(Dataset entries)
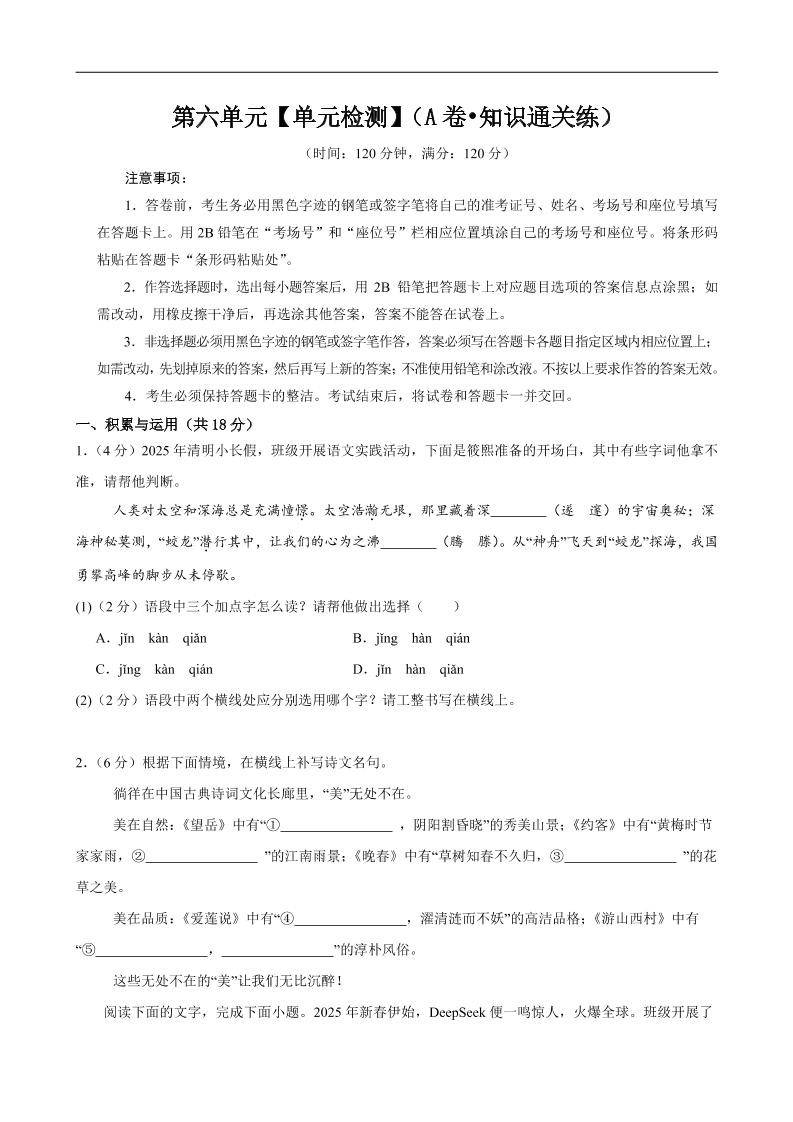 12.第六单元【单元检测】(A卷•知识通关练)(原卷版)
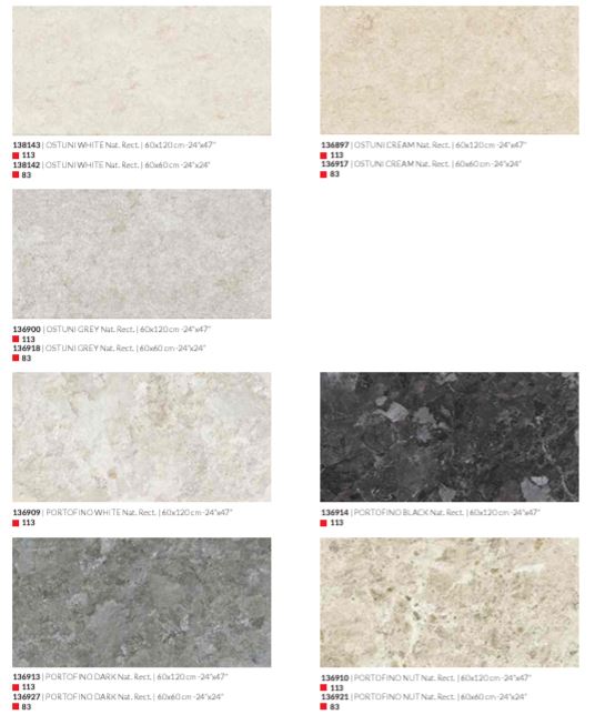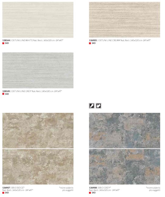 Decoro Brio beige, Decoro Brio grey, Decoro Ostuni Line cream, Decoro Ostuni Line grey, Decoro Ostuni Line white, Ostuni cream, Ostuni grey, Ostuni white, Portofino black, Portofino dark, Portofino nut, Portofino white
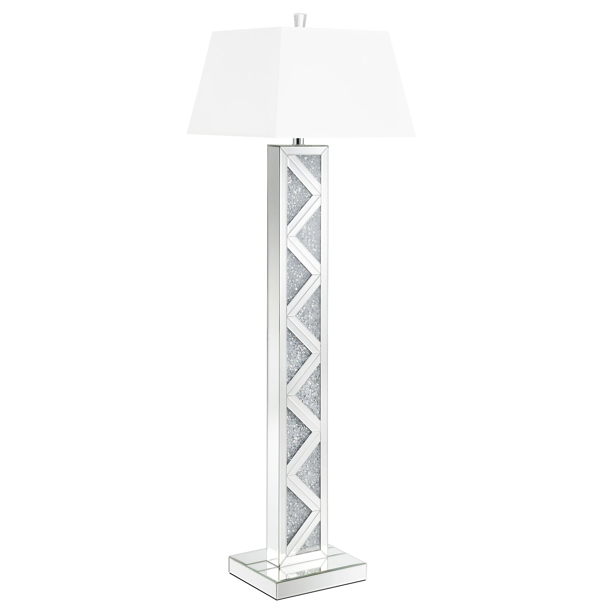 • Contemporary floor lamp with geometric mirrored base and crystal-like insets
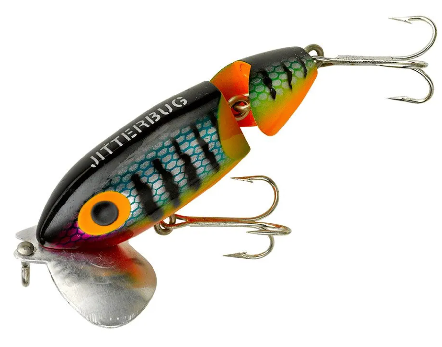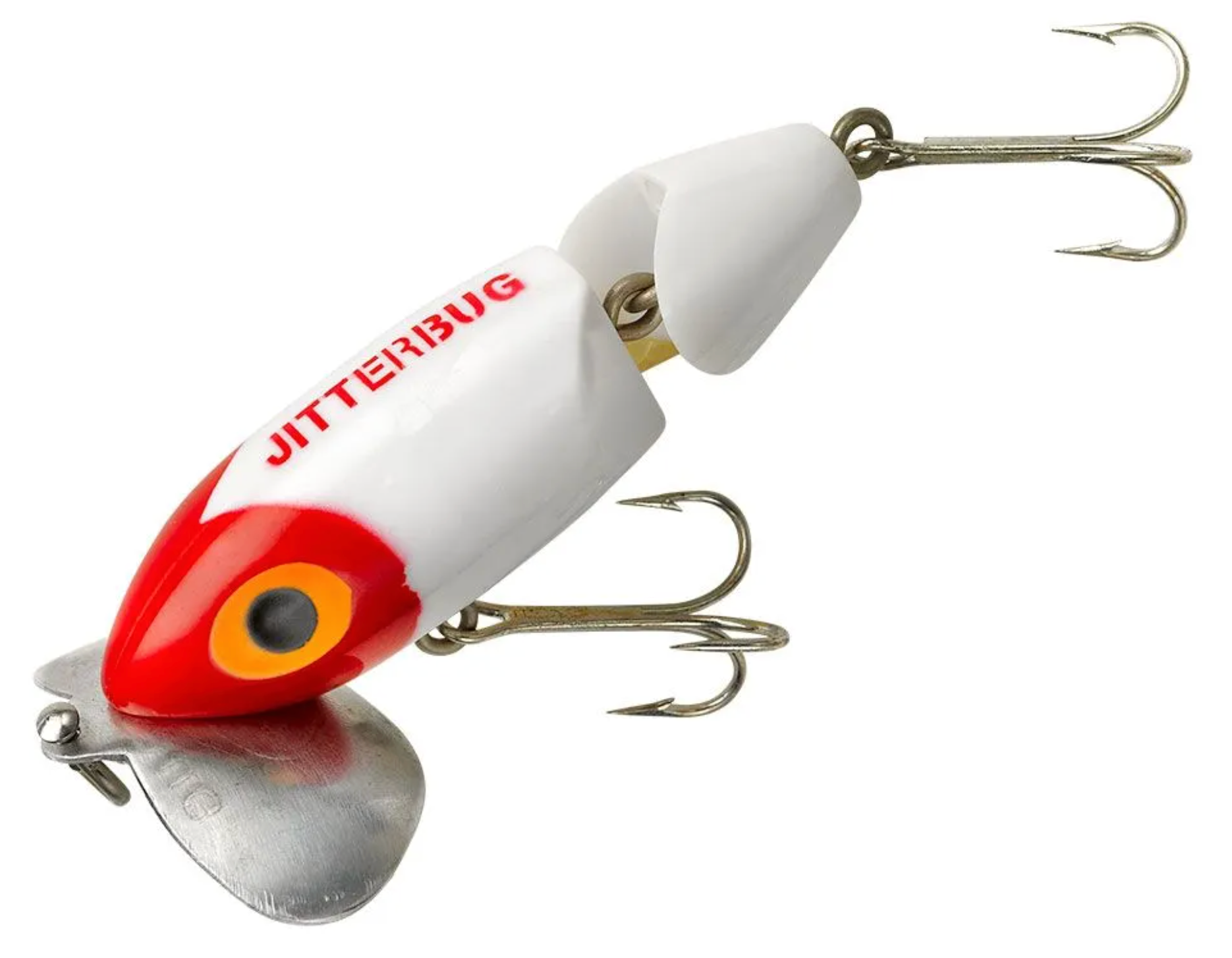 Take the surface-busting sound created by the Jitterbug's special lip add the action of these tail wagging Jointed Jitterbugs and anglers have the most action packed topwater lure available today. The motion of the jointed tail creates extra flash from the frantic swinging of the lure's bright plated treble hooks. They can be fished slowly to product the rhythmic plopping sound or faster to create surface commotion.
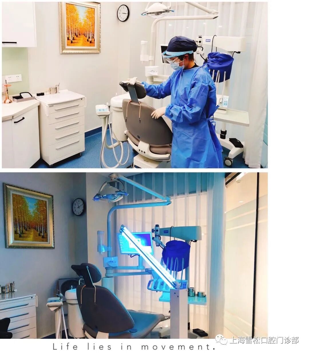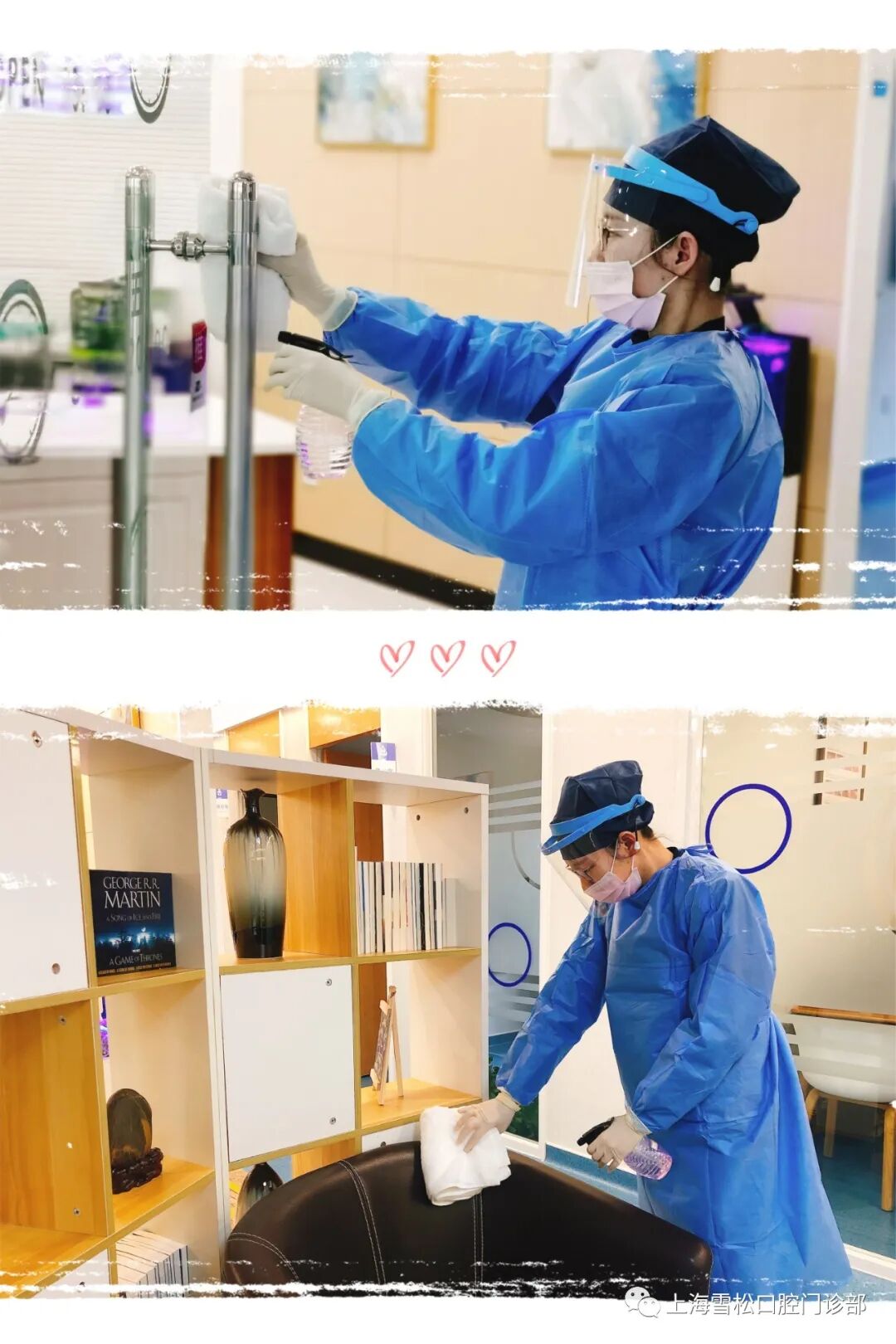 还有这些细节:常规牙椅贴膜,电脑键盘,抽屉把手等凡是能覆盖的尽量覆盖,减少桌面物品摆放,严禁零食水杯带入诊室,用500m/L含氯消毒剂由清洁到污染擦拭,且每天中午增加一次紫外线消毒,严格执行消毒隔离措施。
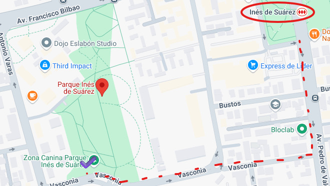 DIRECCIÓN: Parque Inés de suaréz, Vasconia 1523, Providencia (a pasos del metro Inés de Suárez).
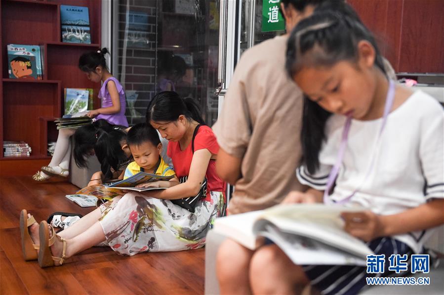 8月2日,读者在岳西县古岳书房夜读。 新华社记者 张端 摄
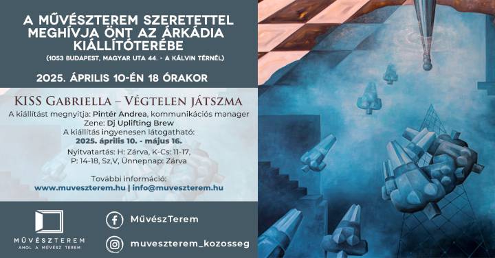 A K Galéria -1. szintjén, az Árkádia Kiállítótérben még április 10-én csütörtökön 18 órakor nyílt meg Kiss Gabriella: Végtelen játszma című egyéni kiállítása a MűvészTeremben, ahol a Művész Terem! A május 16-án péntekig látható tárlatot Pintér Andrea nyitotta meg. A kiállítás a MűvészTerem alkotóközösség keretein belül jött létre, ahol cél lehetőséget adni minden kreatív alkotónak a művészete megmutatására, előképzettségtől függetlenül és egy támogató, inspiráló művészközösséget építeni!
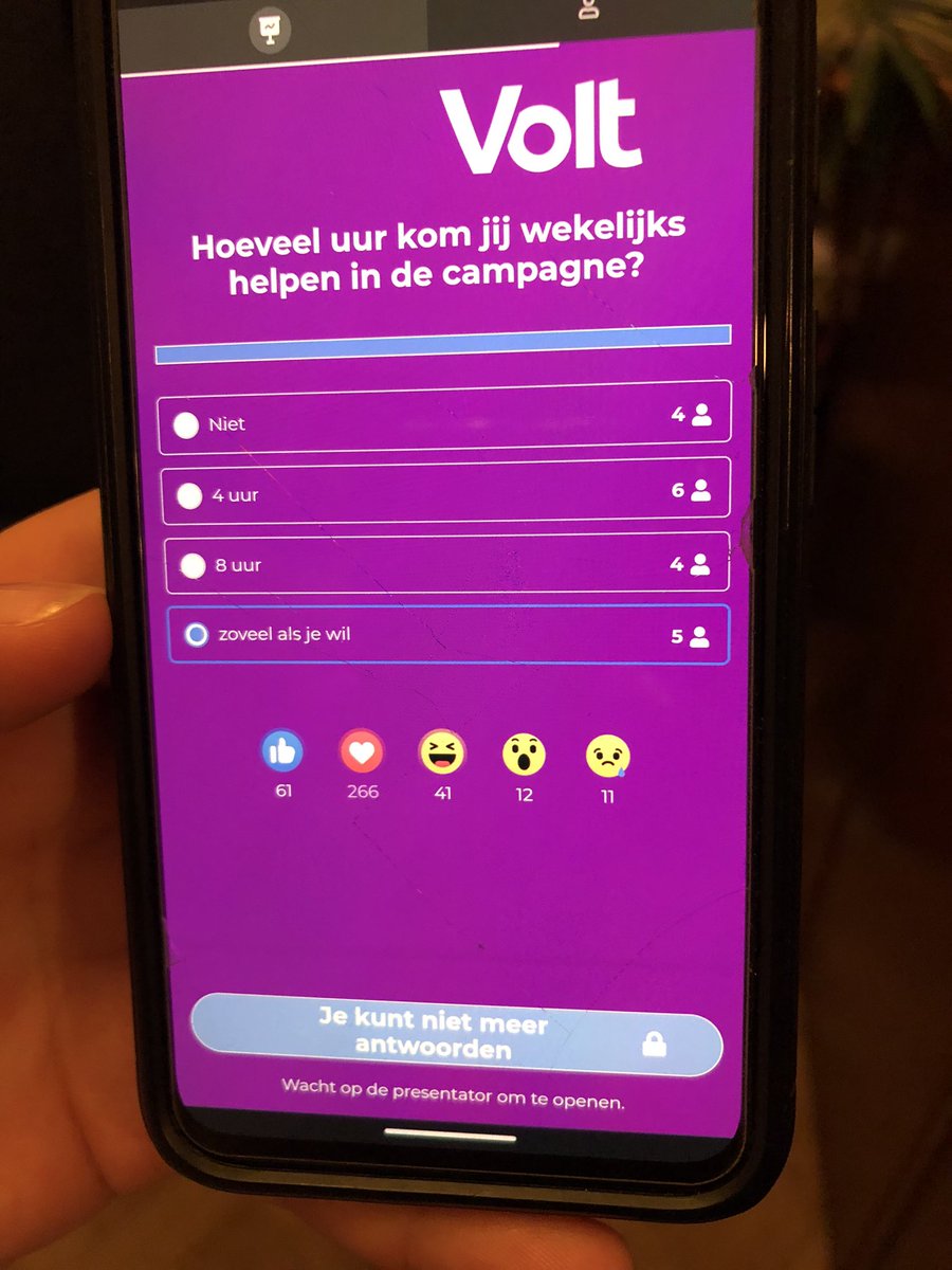Daarmee komt een einde aan deze Volt-avond. Het mag allemaal niet te lang duren maar ik vind het geen probleem. Een fijne avond. #Eind
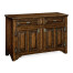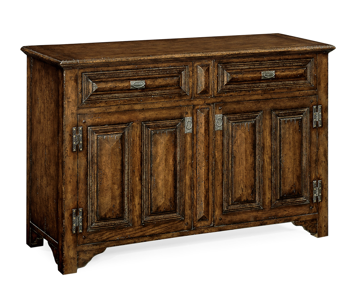 Dark oak substantial side cabinet with stepped pyramidial panelled mouldings to the two drawer fronts and doors, and stylised iron drawer handles and strap hinges. The design based on a transitional piece of c.1600. (Old salescode: 493560)
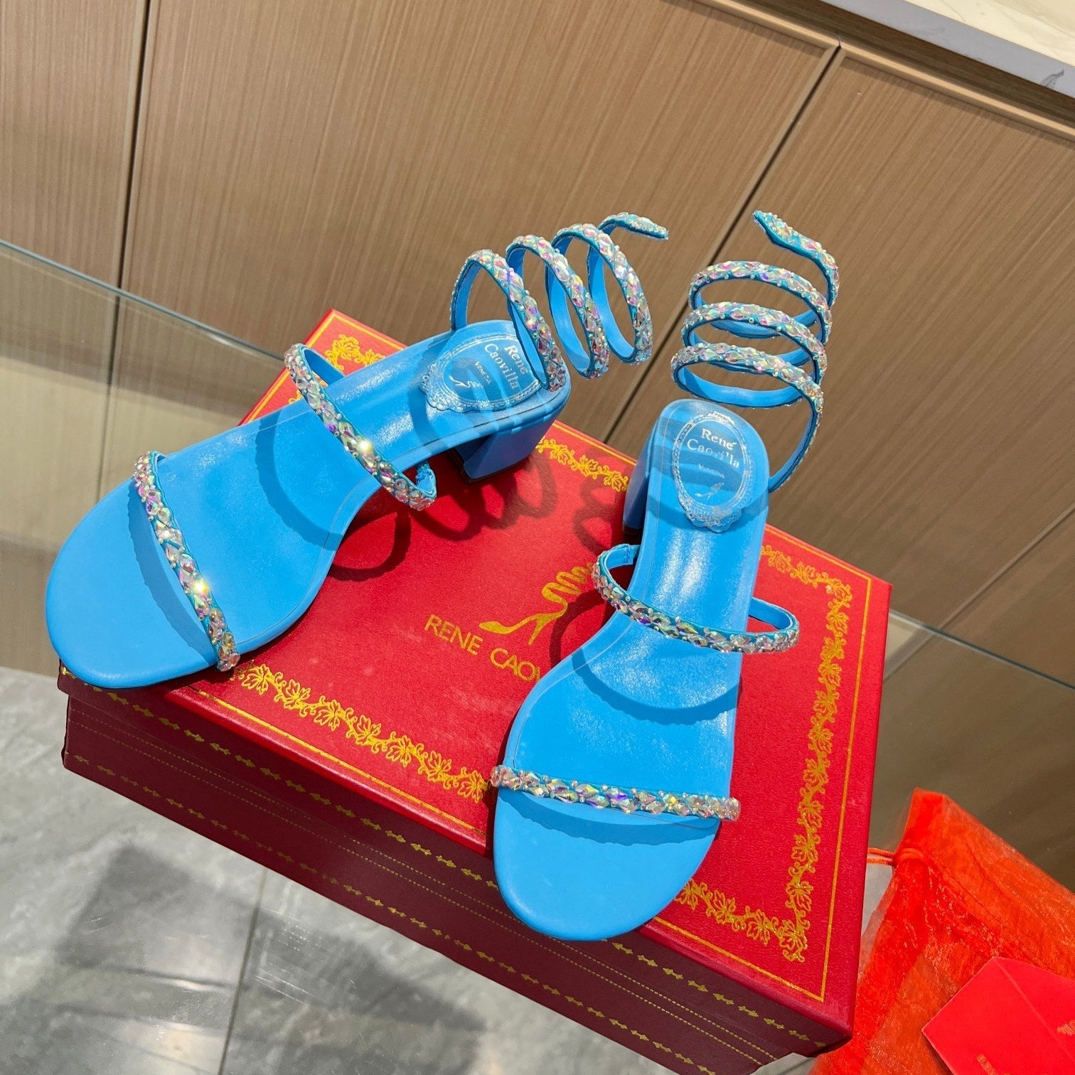 RC Diamond Sandals Blue Silk Creole Glass Diamond 341986

Aim of the task
Would you output only the span of the records above that opens with the line containing "Decoro Brio beige, Decoro" and closes with the line containing "Dark oak substantial", ends included and pictures dropped?

Answer section
 Decoro Brio beige, Decoro Brio grey, Decoro Ostuni Line cream, Decoro Ostuni Line grey, Decoro Ostuni Line white, Ostuni cream, Ostuni grey, Ostuni white, Portofino black, Portofino dark, Portofino nut, Portofino white
 • Contemporary floor lamp with geometric mirrored base and crystal-like insets
 Take the surface-busting sound created by the Jitterbug's special lip add the action of these tail wagging Jointed Jitterbugs and anglers have the most action packed topwater lure available today. The motion of the jointed tail creates extra flash from the frantic swinging of the lure's bright plated treble hooks. They can be fished slowly to product the rhythmic plopping sound or faster to create surface commotion.
 还有这些细节:常规牙椅贴膜,电脑键盘,抽屉把手等凡是能覆盖的尽量覆盖,减少桌面物品摆放,严禁零食水杯带入诊室,用500m/L含氯消毒剂由清洁到污染擦拭,且每天中午增加一次紫外线消毒,严格执行消毒隔离措施。
 DIRECCIÓN: Parque Inés de suaréz, Vasconia 1523, Providencia (a pasos del metro Inés de Suárez).
 8月2日,读者在岳西县古岳书房夜读。 新华社记者 张端 摄
 A K Galéria -1. szintjén, az Árkádia Kiállítótérben még április 10-én csütörtökön 18 órakor nyílt meg Kiss Gabriella: Végtelen játszma című egyéni kiállítása a MűvészTeremben, ahol a Művész Terem! A május 16-án péntekig látható tárlatot Pintér Andrea nyitotta meg. A kiállítás a MűvészTerem alkotóközösség keretein belül jött létre, ahol cél lehetőséget adni minden kreatív alkotónak a művészete megmutatására, előképzettségtől függetlenül és egy támogató, inspiráló művészközösséget építeni!
Daarmee komt een einde aan deze Volt-avond. Het mag allemaal niet te lang duren maar ik vind het geen probleem. Een fijne avond. #Eind
 Dark oak substantial side cabinet with stepped pyramidial panelled mouldings to the two drawer fronts and doors, and stylised iron drawer handles and strap hinges. The design based on a transitional piece of c.1600. (Old salescode: 493560)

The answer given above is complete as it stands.